+++ Input data +++
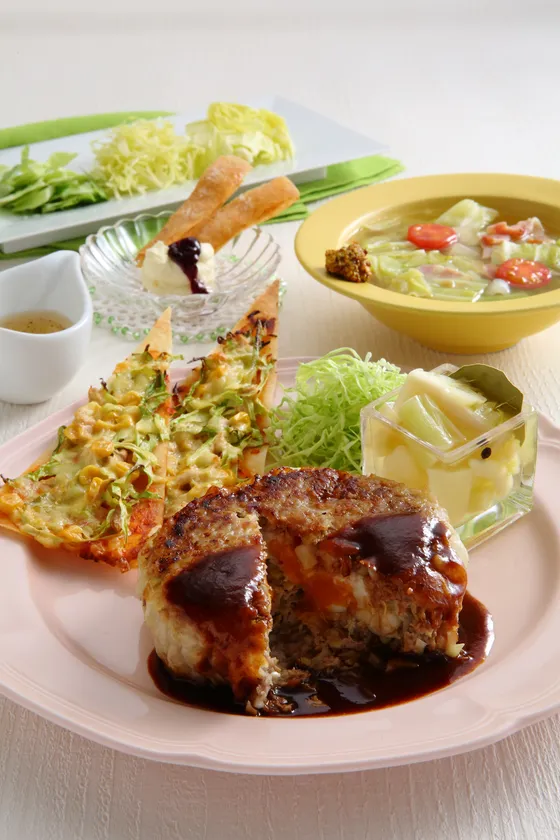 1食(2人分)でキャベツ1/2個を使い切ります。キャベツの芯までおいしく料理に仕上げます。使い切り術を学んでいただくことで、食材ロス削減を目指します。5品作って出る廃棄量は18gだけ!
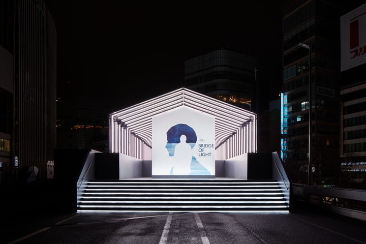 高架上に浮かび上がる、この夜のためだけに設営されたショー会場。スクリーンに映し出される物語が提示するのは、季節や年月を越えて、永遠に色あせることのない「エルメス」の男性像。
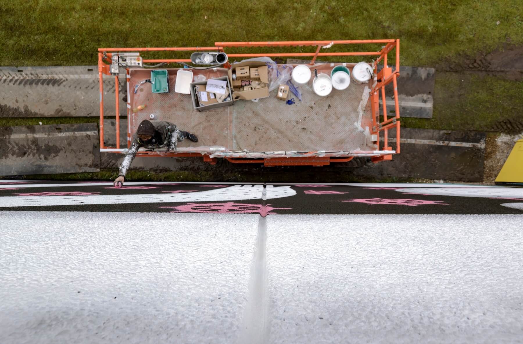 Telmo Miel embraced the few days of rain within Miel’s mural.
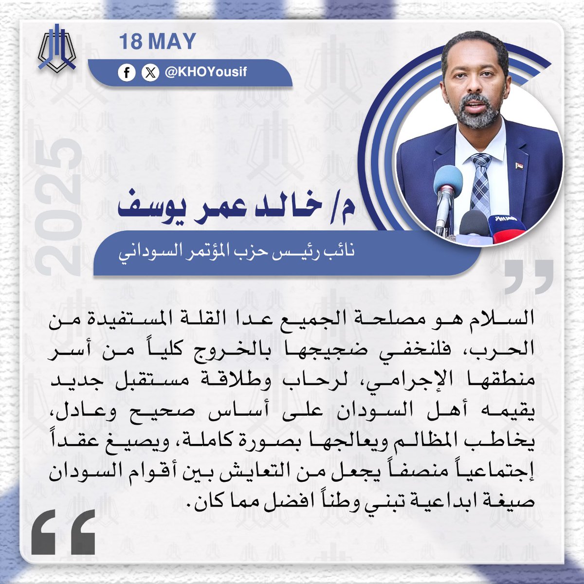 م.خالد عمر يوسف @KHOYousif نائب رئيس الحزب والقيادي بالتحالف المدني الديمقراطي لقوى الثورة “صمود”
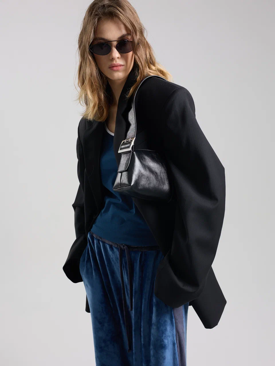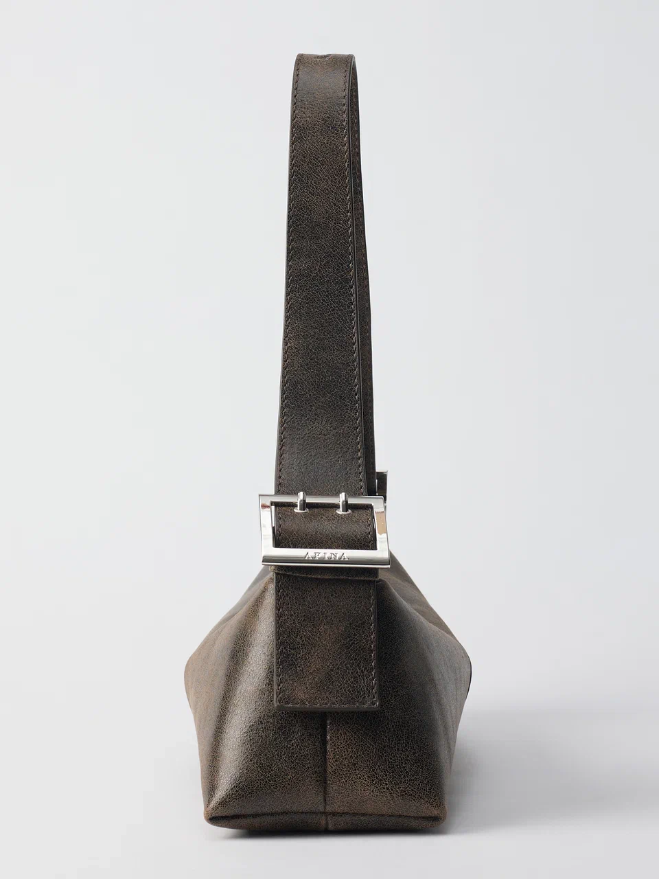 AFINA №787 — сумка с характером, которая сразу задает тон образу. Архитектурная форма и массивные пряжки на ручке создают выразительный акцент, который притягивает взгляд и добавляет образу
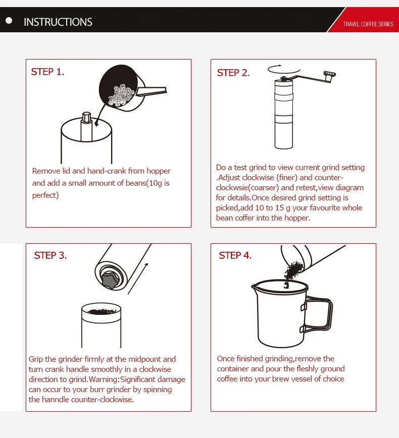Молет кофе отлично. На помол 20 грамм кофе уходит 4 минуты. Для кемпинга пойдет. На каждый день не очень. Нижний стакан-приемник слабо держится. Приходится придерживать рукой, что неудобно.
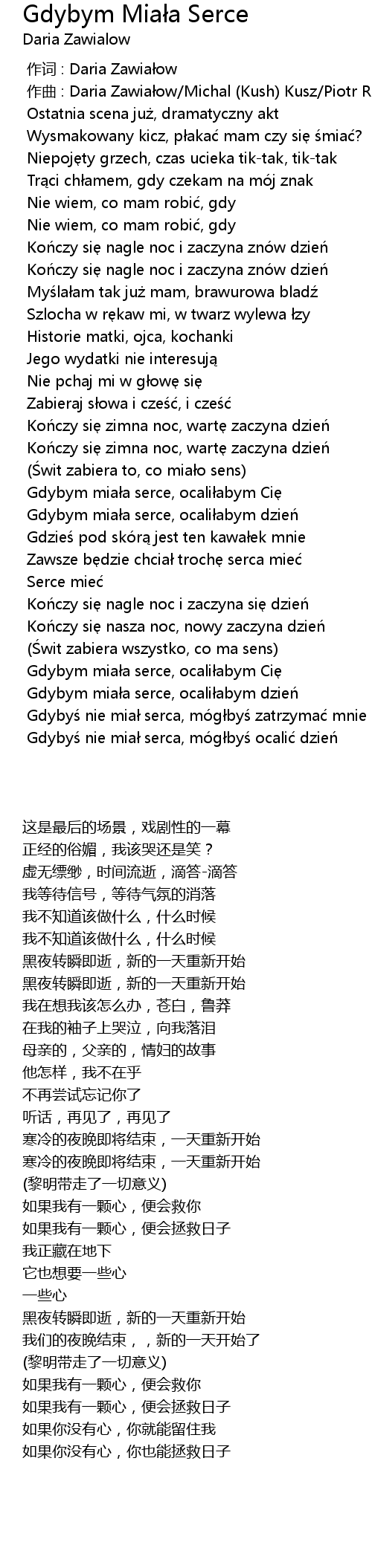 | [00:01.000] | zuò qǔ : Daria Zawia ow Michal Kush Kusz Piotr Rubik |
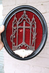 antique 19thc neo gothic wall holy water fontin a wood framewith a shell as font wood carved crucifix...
+++
What is needed is an exact copy of the lines from the start of the records through the line containing "م.خالد عمر يوسف", with no pictures.

# Solution:
 1食(2人分)でキャベツ1/2個を使い切ります。キャベツの芯までおいしく料理に仕上げます。使い切り術を学んでいただくことで、食材ロス削減を目指します。5品作って出る廃棄量は18gだけ!
 高架上に浮かび上がる、この夜のためだけに設営されたショー会場。スクリーンに映し出される物語が提示するのは、季節や年月を越えて、永遠に色あせることのない「エルメス」の男性像。
 Telmo Miel embraced the few days of rain within Miel’s mural.
 م.خالد عمر يوسف @KHOYousif نائب رئيس الحزب والقيادي بالتحالف المدني الديمقراطي لقوى الثورة “صمود”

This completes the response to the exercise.